I don’t know it is regular to ask about source code, but I ask my question:
In mathematics and computational geometry, a Delaunay triangulation for a given set P of discrete points in a plane is a triangulation DT§ such that no point in P is inside the circumcircle of any triangle in DT§. A Voronoi diagram is a kind of tesselation that divided the medium into polygons in 2D and polyhedrons in 3D.
I want to know is there any library to calculated the Voronoi diagram in two-dimension and three-dimension. I also have data of Delaunay triangulation via a written-code from myself. So, if there is any library that determines the Voronoi diagram from Delaunay triangulation, it would be desired.
I will appreciate any comments that give me a little help and forgive me for writing shortcomings.

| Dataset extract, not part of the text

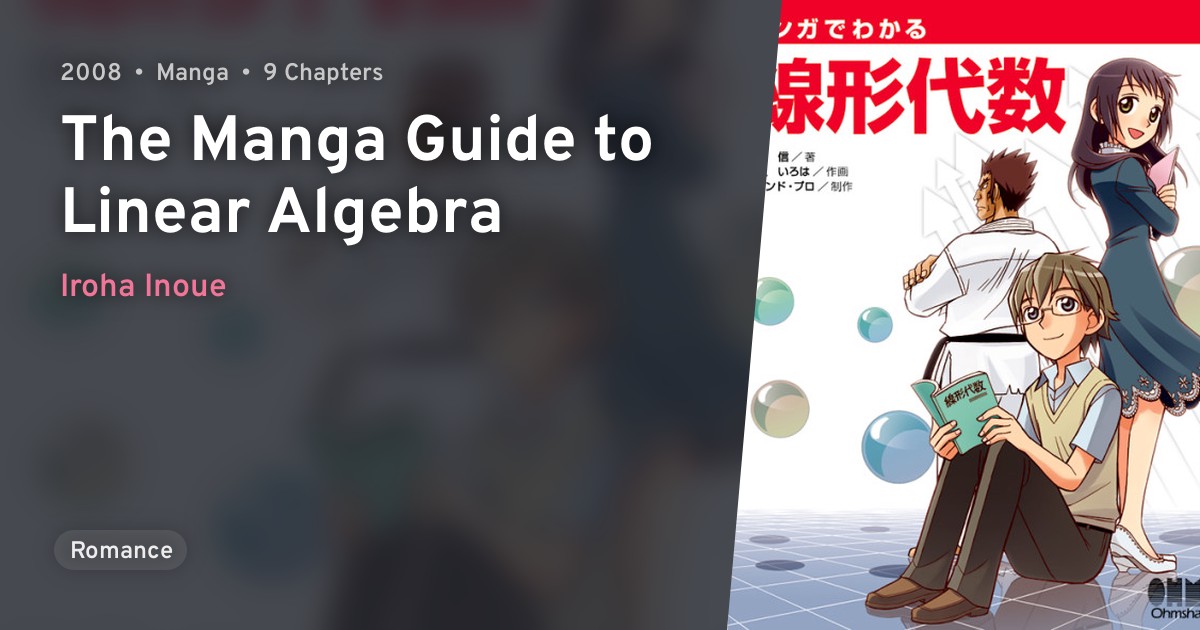 The manga guide to linear algebra (マンガでわかる 線形代数) is a manga guide that explains linear algebra. The latest addition to no starch press's bestselling manga guide series, the manga guide to linear algebra, uses japanese comics, clear explanations, and a charming storyline to explain the essentials of linear algebra. The latest in the manga guide series tackles the complicated math of linear algebra.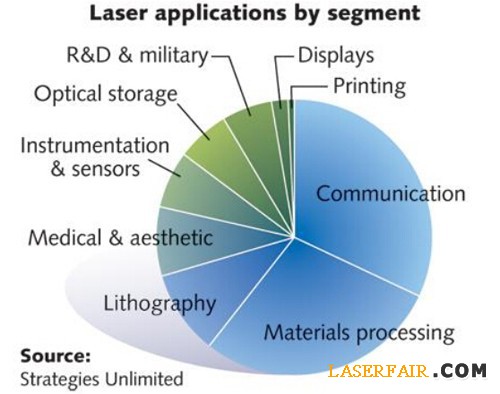 通信和光存儲仍然是激光產業最大的細分市場,然后是材料加工和光刻激光器市場部分。在2014年,醫療和美容激光產品銷售總額仍然大于儀器和傳感部分,最后是科研和軍事細分市場。

Are any of John Burkardt’s 1327 (!) Fortran codes relevant? “Voronoi tessellation” and “Delaunay triangulation” appear in the descriptions of several of them.
I code I work on uses parts of Javier Bernal’s suite of programs refractored into modules. Selected Developed Software
That refactoring was done before I was involved, and I cannot vouch that the underlying code is “nice”, only that it works.
You may consider interfacing with the C qhull library, which is what scipy wraps for its Delaunay/Voronoi function. I have not tried this myself, though.
I also find a library in c++. Probably, I use the interface approach with other libraries in three-dimensional.
Do you know interface with which language (Python, C++, or C) has enough speed?
Thanks for your comment.
“* VORNBR: determines the Voronoi neighbors of an eyepoint.”
As mentioned on the page, it has just one subroutine to find neighbors in two-dimensional and not a whole of Voronoi diagram.